Nielsen has nothing but praise for Vaden as an addition to the band.

“He brings energy,” Nielsen said. “He’s a great guitar player. He’s a great person. He’s so bright and upbeat, even though he’s had some pretty heavy things happen to him in his life.”

Vaden seemed humbled by the praise.

“That’s flattering coming from someone who is in one of my favorite bands growing up,” he said. “I love music, and it’s all I know how to do. I’m fortunate to make a living and I try not to take it for granted.”

The band plans to release a new EP, “Songs About Cars and Space and The Ramones,” in September, and Vaden is working on his first solo album, which he hopes to have out later this fall.

Nielsen also said that the band is always working on new material, and it may continue to put out EPs every few months instead of full-length albums.

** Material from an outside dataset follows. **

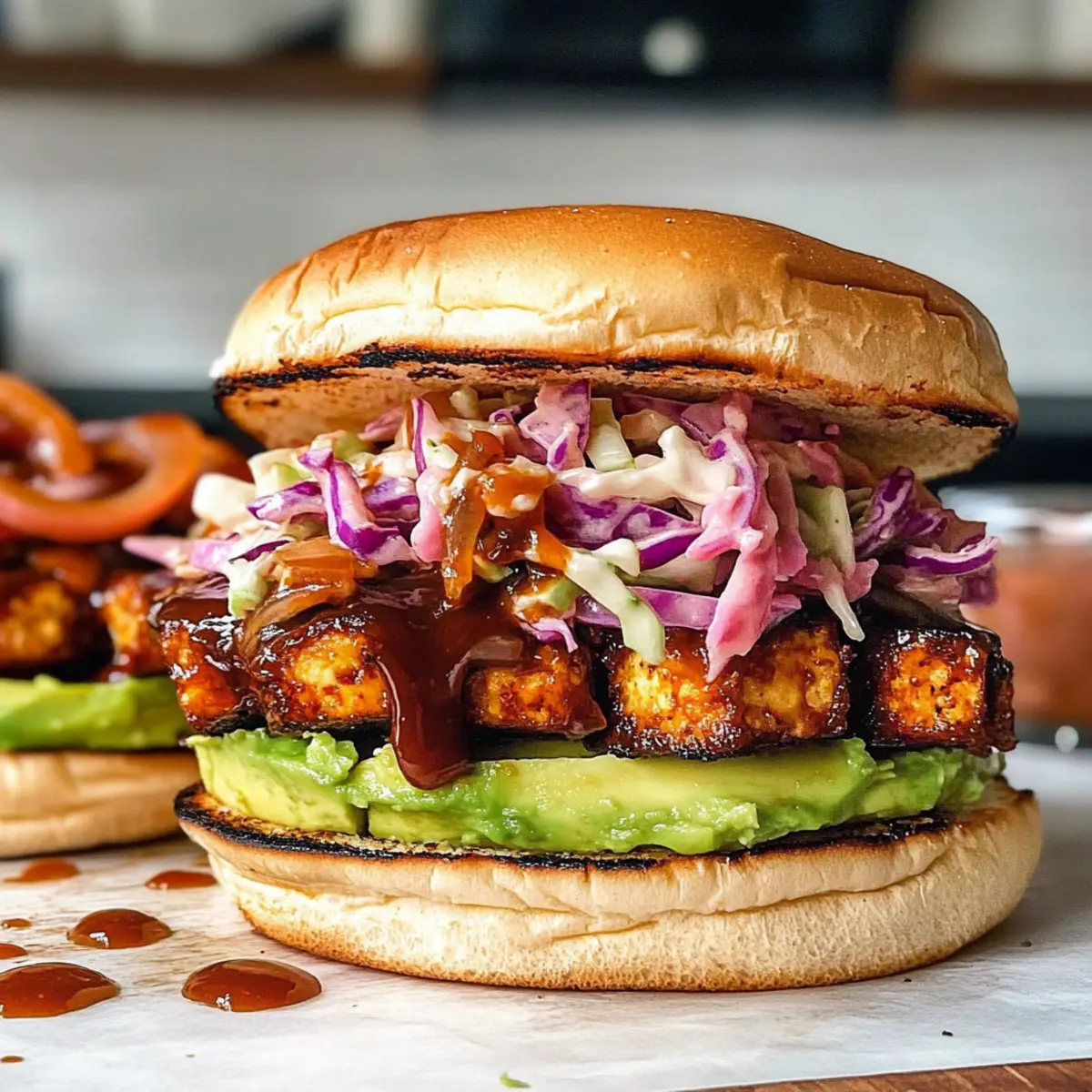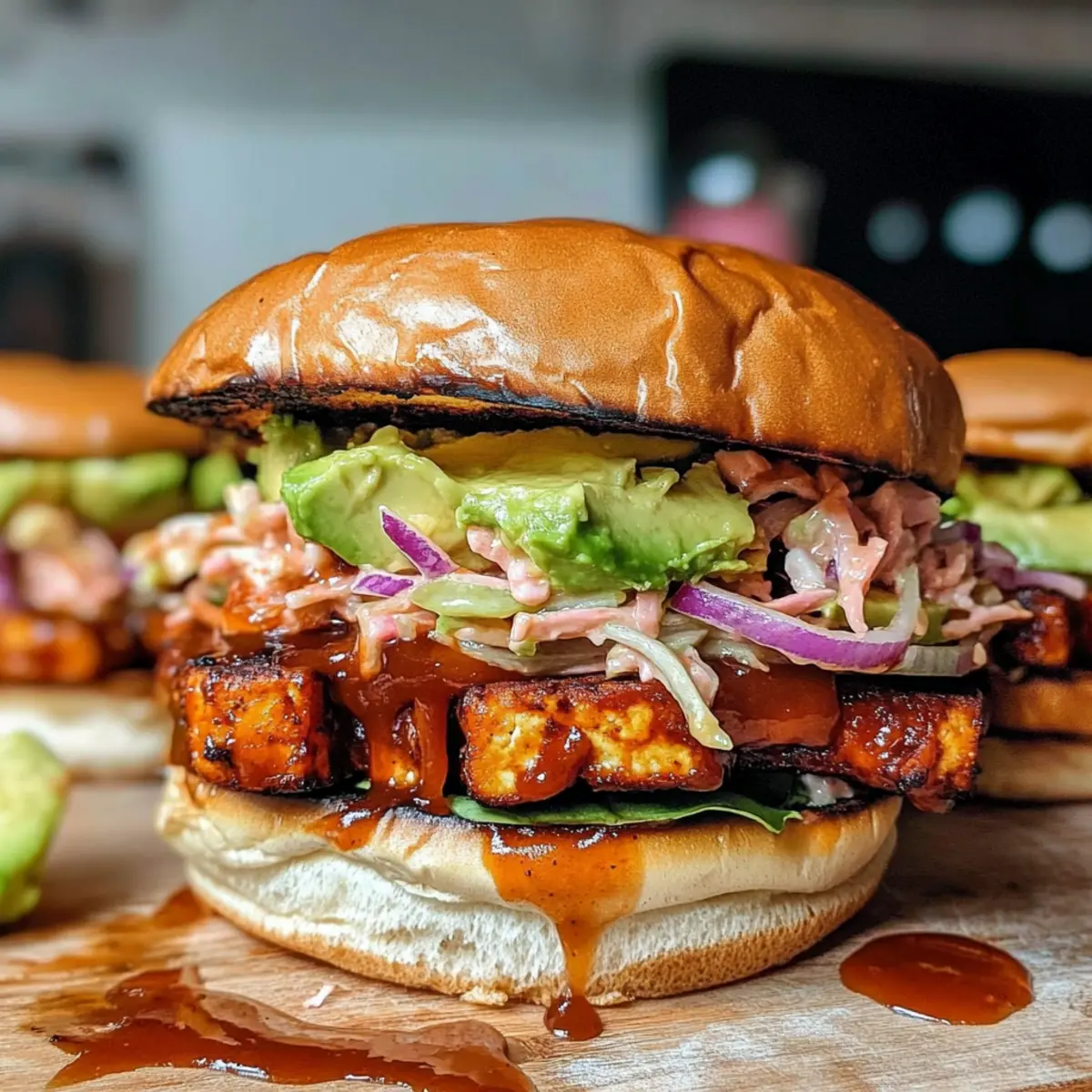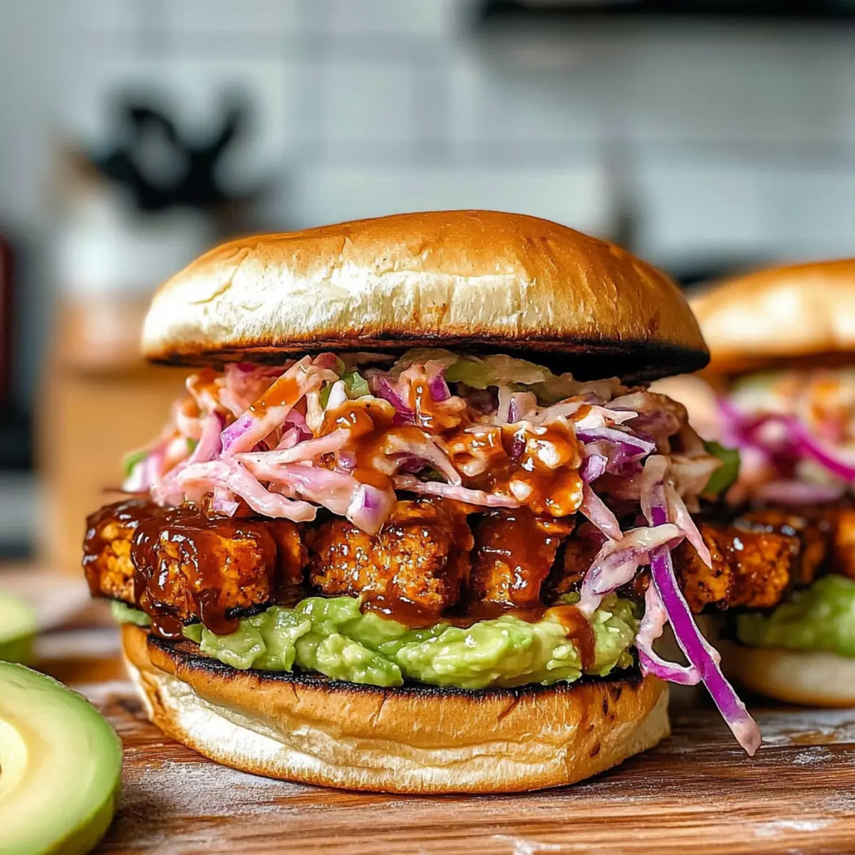 Die Sonne strahlt und der Grillrauch zieht durch die Luft – der perfekte Moment, um ein köstliches Essen zuzubereiten. Heute stelle ich euch mein Lieblingsrezept für ein einfaches BBQ Tofu Sandwich mit zerdrückter Avocado vor, das nicht nur vegan ist, sondern auch noch im Handumdrehen zubereitet werden kann. Mit dem herzhaften, „gezogenen“ Tofu, der in einer würzigen BBQ-Sauce mariniert wird, und der cremigen Avocado, ist dieses Sandwich ein wahrer Genuss, der selbst die hungrigsten Gäste begeistern wird. Egal, ob bei einer Sommerparty oder als schnelles Mittagessen – diese Kombination ist ein perfekter Begleiter! Seid ihr bereit, euren Grillabend auf das nächste Level zu heben und spannende Geschmäcker zu entdecken? Warum wirst du dieses Rezept lieben? Einfachheit: Die Zubereitung ist unkompliziert und erfordert nur grundlegende Kochkenntnisse, perfekt für alle, die nach schnellen Rezepten suchen. Herzhafter Geschmack: Der rauchige BBQ-Geschmack des Tofus, gepaart mit der cremigen Avocado, sorgt für einen intensiven und köstlichen Genuss, den du immer wieder erleben möchtest. Vielseitigkeit: Dieses Sandwich lässt sich leicht anpassen! Probiere es mit verschiedenen BBQ-Saucen oder ersetze den Tofu durch Tempeh, um deinen eigenen Twist zu kreieren. Perfekte Textur: Der Kontrast von knusprigen und cremigen Komponenten macht jeden Biss zu einem Erlebnis. Schnelles Gericht: Ideal für vielbeschäftigte Tage – in weniger als 30 Minuten zubereitet, ist es perfekt für ein schnelles Mittagessen oder eine ungezwungene Grillparty. Beliebtheit: Dieses Rezept wird deine Freunde und Familie begeistern und ihre Liebe zu veganen Gerichten wecken. Wenn du nach weiteren schnellen veganen Gerichten suchst, schau dir auch unser Rezept für vegane Coleslaw an! Einfache BBQ Tofu Sandwich Zutaten Für die Pickles: Hausgemachte eingelegte Zwiebeln – Fügt eine spritzige Note und Knusprigkeit hinzu; im Kühlschrank bis zu einer Woche haltbar. Für die Füllung: Veganer Coleslaw-Mix – Sorgt für Cremigkeit und Textur; vorgefertigte Mischungen sparen Zeit. Super fester Tofu – Hauptproteinequelle; sollte für besseren Geschmack zerkleinert werden. Achte darauf, super fest zu verwenden, um die optimale Konsistenz zu gewährleisten. Olivenöl – Zum Braten von Tofu; kann durch jedes andere Pflanzliche Öl ersetzt werden. Veganer BBQ-Sauce – Bietet rauchige Süße; Marken wie Stubbs werden empfohlen. Avocado – Fügt Cremigkeit hinzu; direkt vor dem Servieren zerdrücken, um Bräunung zu vermeiden. Limettensaft – Verstärkt den Avocado-Geschmack; kann auch durch Zitronensaft ersetzt werden. Salz und schwarzer Pfeffer – Grundgewürze zur Geschmacksverstärkung. Hochwertige Brötchen oder Kaiserbrötchen – Halten das Sandwich zusammen; Toasten verbessert die Textur. Brot-und-Butter-Pickles – Fügt eine süße Knusprigkeit hinzu; optional, aber empfohlen für zusätzlichen Geschmack. Schritt-für-Schritt-Anleitungen für Einfache BBQ Tofu Sandwich mit zerdrückter Avocado Step 1: Zwiebeln einlegen Schneide eine Zwiebel in dünne Ringe und vermische diese in einer Schüssel mit 100 ml Apfelessig, 50 ml Wasser, 1 Esslöffel Zucker und 1 Teelöffel Salz. Lass die Mischung mindestens 30 Minuten, besser 1-2 Stunden, stehen, damit die Zwiebeln die Aromen aufnehmen. Dies verleiht deinem Sandwich Frische und eine angenehme Säure. Step 2: Vegan Coleslaw zubereiten In einer Schüssel kombinierst du 150 g vegane Mayonnaise, 2 Esslöffel Apfelessig, 1 Teelöffel Zucker, ½ Teelöffel Salz, ¼ Teelöffel Pfeffer und 1 Teelöffel Senfpulver. Füge 200 g fertigen Coleslaw-Mix hinzu und rühre alles gut um. Lasse den Coleslaw bis zum Servieren im Kühlschrank, damit sich die Aromen miteinander verbinden und der Salat schön kühl bleibt. Step 3: BBQ Tofu kochen Nimm 400 g super festen Tofu, lasse ihn abtropfen und blotte ihn mit einem Küchentuch, um überschüssige Flüssigkeit zu entfernen. Zerreibe den Tofu mithilfe einer Reibe in eine heiße Pfanne mit 2 Esslöffeln Olivenöl bei mittlerer Hitze. Brate den Tofu 5-6 Minuten lang, bis er goldbraun ist. Füge 200 ml vegane BBQ-Sauce hinzu und koche die Mischung für weitere 10-15 Minuten, bis der Tofu gut glasiert und leicht angebraten ist. Step 4: Avocado-Dip vorbereiten Schneide 1 reife Avocado und gib das Fruchtfleisch in eine Schüssel. Füge den Saft von 1 Limette, 1 Prise Salz und etwas schwarzen Pfeffer hinzu. Zerdrücke die Mischung mit einer Gabel zu einer cremigen Paste. Halte diese Zubereitung bereit, damit sie frisch bleibt und die Avocado nicht braun wird. Step 5: Sandwich zusammenstellen Röste 4 hochwertige Brötchen oder Kaiserbrötchen, um eine knusprige Textur zu erzielen. Verteile die zerdrückte Avocado gleichmäßig auf beiden Brötchenhälften. Schichte dann eine großzügige Portion BBQ Tofu, gefolgt von veganem Coleslaw und einigen eingelegten Zwiebeln auf jede Hälfte. Optional kannst du auch einige Brot-und-Butter-Pickles für einen zusätzlichen Geschmack hinzufügen, bevor du das Sandwich schließt und servierst. Expert Tips für das BBQ Tofu Sandwich Vorbereitung ist alles: Bereite die eingelegten Zwiebeln und den Coleslaw im Voraus vor, damit die Aromen gut durchziehen und du beim Zusammenstellen des Sandwichs Zeit sparst. Die richtige Tofu-Wahl: Verwende super festen Tofu, um überschüssige Feuchtigkeit zu vermeiden und sicherzustellen, dass das Sandwich nicht matschig wird, wenn das BBQ Tofu packt. Perfekt grillen: Lass den Tofu lange genug kochen, um eine leicht angebrannte Kruste zu entwickeln. Das gibt dem BBQ Tofu eine großartige Textur und intensiven Geschmack. Avocado frisch halten: Zerdrücke die Avocado nur kurz vor dem Servieren, um eine braune Oberfläche zu vermeiden. Der Geschmack bleibt so optimal und frisch für dein Sandwich. Experimentiere mit Saucen: Variiere den BBQ-Geschmack, indem du verschiedene Sorten ausprobierst – süß, würzig oder smokey – um dein Einfache BBQ Tofu Sandwich mit z

“People seem to have shorter attention spans these days,” Nielsen said. “I think it’s cool to write and record five songs and release them on an EP. It’s cheaper and faster than recording a full-length album.”

Nielsen and Vaden said that fans coming to the show Saturday at The Windjammer can expect a good, long rock ’n’ roll show with a lot of new material, but they also promise to play the hits.

“If you come up to the stage and yell out your favorite Drivin’ N Cryin’ song, we’ll probably play it,” Nielsen said.